Paul Pfeiffer- Art 21
Although I really liked the interesting use of repetition and loop in his projects, the most intriguing part is how Pfeiffer came up with his idea to erase and entire scene. He came up with the idea through a mistake or in his words “a failure that [he] encountered.” Many times I find new ways of doing things by messing up something else. The way he turned his error into an entire new project is like the way I first worked with silhouettes in my collages because I failed to leave enough space for color.
Robert Raushenburg- Erased De Kooning
There are two things I like the most about the Raushenburg video, first is his thoughts on his own work, and secondly how he responds to the final question asked in the video. After stating that he started by erasing his own drawings he declared “it was nothing.” Raushenburg believed “it had to start as art.” Showing he does not think of his own work as art fascinates me. Then, on the other hand, his response to the question what does his erasure mean to him, he says “It’s poetry.” He commented that his own work at drawing did not count as art, yet the act of erasing a De Kooning piece becomes poetry when others think of it as vandalism.
The Revelation of Erasure by Brian Dillon
Many quotes in this article catch my attention for many different reasons. From recalling to forgetting and detrimental excess to what is still detectable, my mind was spinning.
When talking about the attempt to capture an empty stage, or gallery, or a silent orchestra I was blown away. I have tried to take photos of empty stages before and I can still feel the performance that was there. Being able to connect to that was amazing.
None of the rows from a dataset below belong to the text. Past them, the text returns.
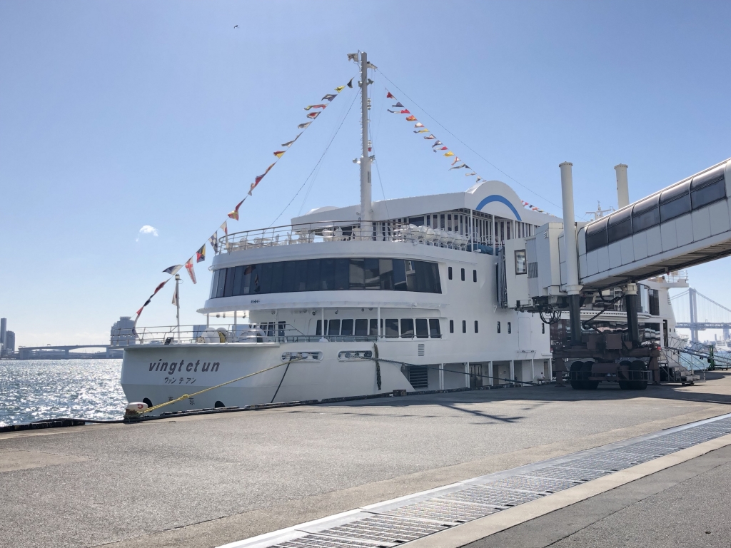 先だっての三連休の最終日、前回投稿でご紹介した、竹芝桟橋発着「レストランシップ・ヴァンテアン」のブライダルフェアが行われました。 同じような画像が続いて恐縮です。 でも“海”とか“船”って、どうしても撮りたくなっちゃうんですー。 この日は前の2日間に比べて気温は低かったもののご覧の通り快晴。 結婚式会場をお探しのカップルが乗船する訳ですから、スタッフとしてはホッとします。 参加者がいらっしゃる前の模擬...
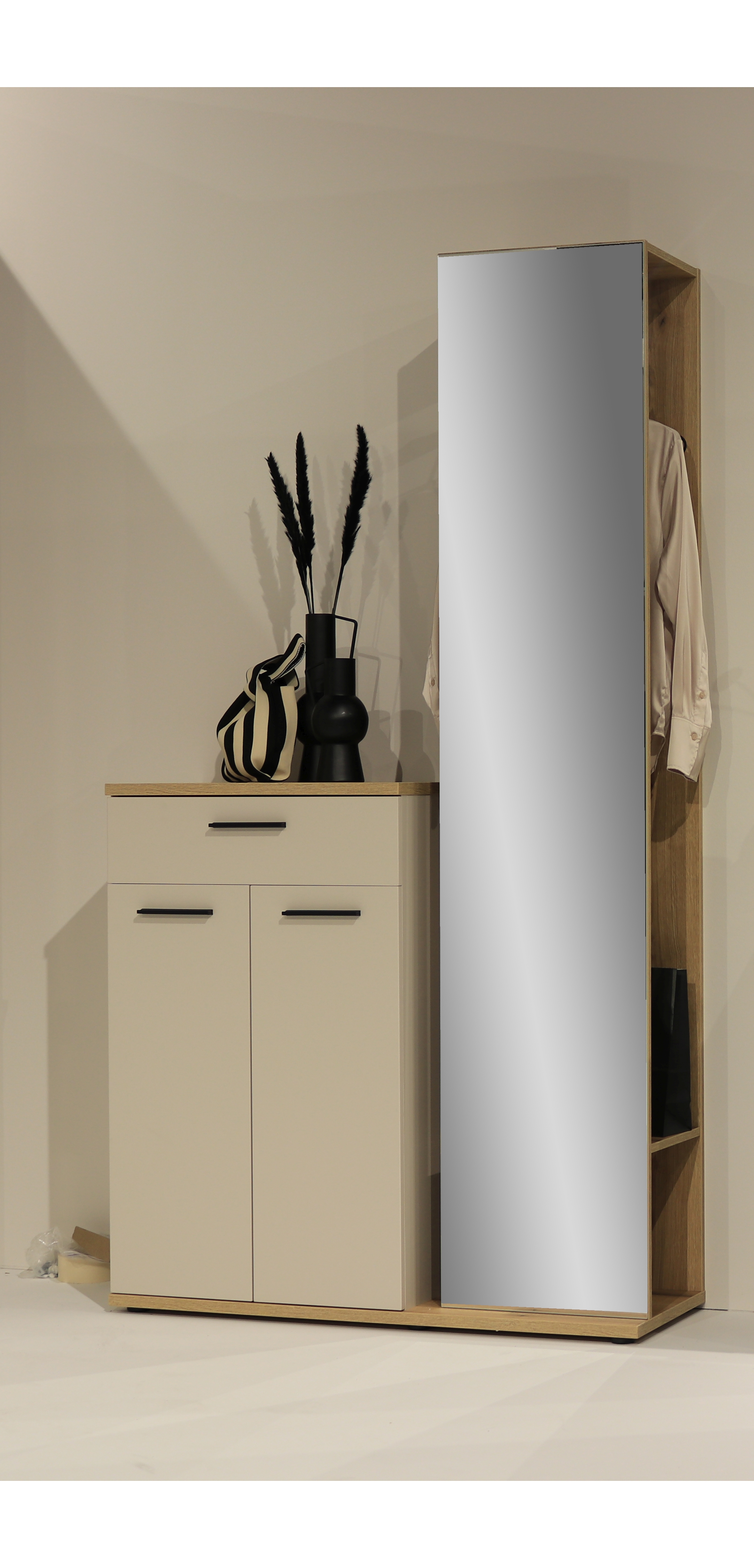 Façade : cachemire et décor chêne Evoke, panneau de particules surfacé mélaminé (PPSM) / miroir
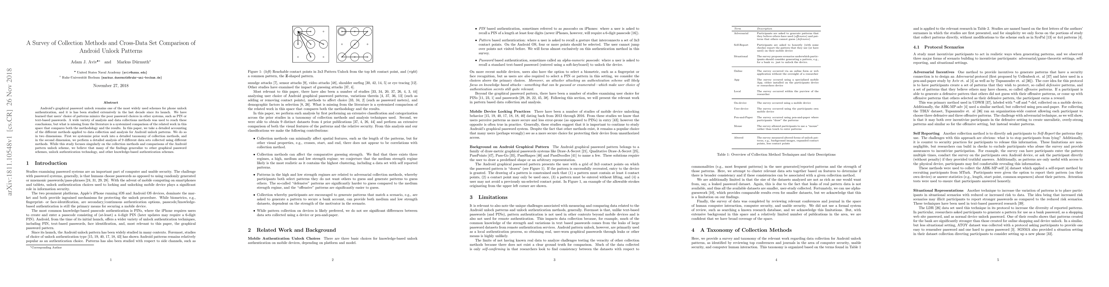 Android's graphical password unlock remains one of the most widely used schemes for phone unlock authentication, and it is has been studied extensively in the last decade since its launch. We have learned that users' choice of patterns mimics the poor password choices in other systems, such as PIN or text-based passwords. A wide variety of analysis and data collections methods was used to reach these conclusions, but what is missing from the literature is a systemized comparison of the related work in this space that compares both the methodology and the results. In this paper, we take a detailed accounting of the different methods applied to data collection and analysis for Android unlock patterns. We do so in two dimensions. First we systemize prior work into a detailed taxonomy of collection methods, and in the second dimension, we perform a detailed analysis of 9 different data sets collected using different methods. While this study focuses singularly on the collection methods and comparisons of the Android pattern unlock scheme, we believe that many of the findings generalize to other graphical password schemes, unlock authentication technology, and other knowledge-based authentication schemes.

I love how they declared the project “impossible” because “some sound, image or word [would] intervene to recall the world left behind.”
“Excess is a form of erasure too.” That is a phenomenal phrase. It says so much even while it is about what has been erased to some extent. Time and time again I have completely ruined a project by adding way too much to it. The idea that excess erases the project works for me because it erases the function of the project. If a project is to look pleasing and I jumble it up with too much the goal has been erased.
Many times as a kid I would draw with an Etch a Sketch and as Dillon says, you can turn it the right way and see previous creations. I would spend hours trying to re-create things I didn’t like the way they looked the first few times by tilting it to compare.
To me the line “There will be no forgetting the crossed-out…” has endless meanings depending on who reads it. Everything I create as a project I take notes on before, during, and after I complete it. Anything I undo or erase I make a note of, because if it didn’t work then odds are in that set of projects it won’t work again. It makes it so that it is not just impossible to forget, I choose not to forget it.